MML - Flood
Flooding is one of the most damaging natural disasters we face—and with climate change, the risks are only growing. In our latest research, we’ve developed a machine learning model that combines different types of data—like geographic information and past disaster records—to predict where floods are likely to happen over the next 1 to 5 years. By using both text and numbers together, our model performs significantly better than traditional methods, reaching up to 77% accuracy. It’s a step forward in using AI to plan ahead and reduce the impact of natural disasters.
Nicole Zhang & Zein Mukhanov
5 min read
Why Floods Are Getting Harder to Predict — and Why That Matters
In 2022, floods submerged a third of Pakistan, displacing 33 million people. Climate change is making floods more frequent, more severe — and harder to predict. But what if artificial intelligence could help us see them coming… years in advance?
Our team built a machine learning model that does just that — using weather data, disaster history, and even geography pages from Wikipedia. Here's how it works.
Current Models Can't See That Far Ahead
Most flood forecasting tools today are like weather apps — great for the next few days, but blind to what happens years from now. Traditional models rely on physical simulations that break down when pushed too far into the future.
Long-term planning — for cities, governments, and global risk managers — needs better tools. That’s where machine learning comes in.
Teaching AI to Understand Flood Risk
We trained a machine learning model (XGBoost + DistilBERT) to predict whether a flood will happen in a certain area over the next 1–5 years. But we didn’t just feed it numbers — we gave it multiple ways to learn:
1. Historical Data: Past floods from 1960–2018 (GDIS + EM-DAT datasets).
2. Weather Data: Global reanalysis maps of temperature, wind, pressure, snow, and more.
3. Geography Text: Location descriptions pulled from Wikipedia (“Geography” sections).
We divided the globe into 1°x1° grid cells (about 100km x 100km) and trained the model to classify: Will this cell flood within the next 1–5 years?
What Makes This Approach Different?
Most flood models are local — built for one region or river. Ours works globally, across 2,800+ locations.
Most models predict days in advance. Ours look years ahead (1 to 5 years).
Most models use only numbers. We added text — a key innovation.
Our multimodal approach helps the AI think like a planner — using both statistics and descriptions — not just data points.
Results: Can AI Actually Do This?
Yes — and it’s surprisingly good.
Our best model reached up to 77% ROCAUC, which measures how well it separates flooded vs. non-flooded cases.
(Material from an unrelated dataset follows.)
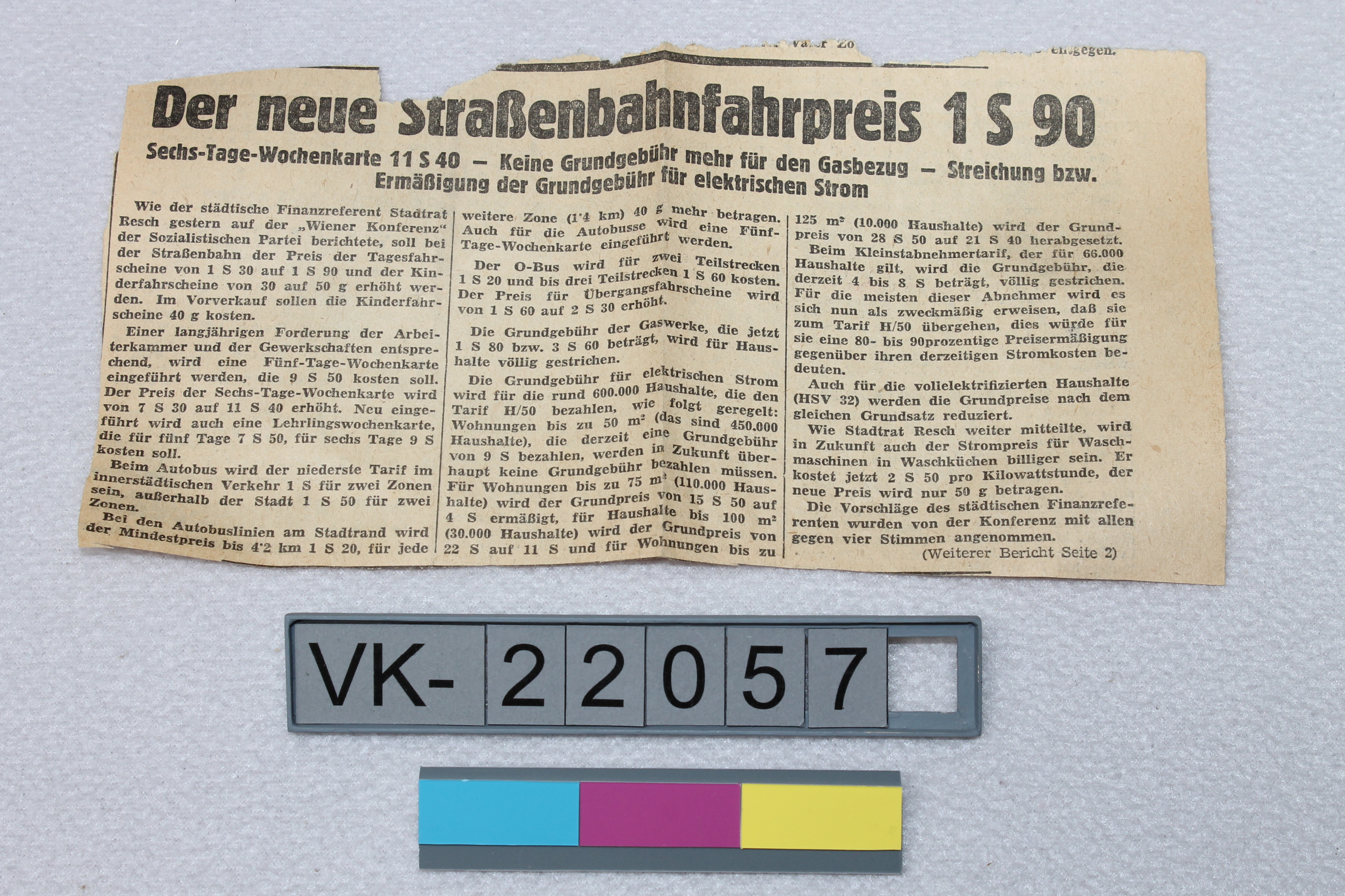 Zeitungsausschnitt mit einem Artikel zu Straßenbahnfahrscheinen.

This beats basic baselines and shows that combining text + stats really helps.
It's not perfect - yet!
Some parts of the world don’t have enough reliable data.
Wikipedia doesn’t cover every location equally.
Our weather data lags by a few months — not ideal for real-time work.
We’re working on these issues — and we’re also exploring ways to make the model more accurate — using more data, better features, and even AI-generated features.
We’re also working on a web app that lets you explore flood risk globally.
What's Next?
Imagine if cities, insurers, or governments could know which regions are likely to flood — not tomorrow, but next year.
Our model won’t stop the floods, but it can help us prepare. And that’s one step closer to resilience in a changing climate.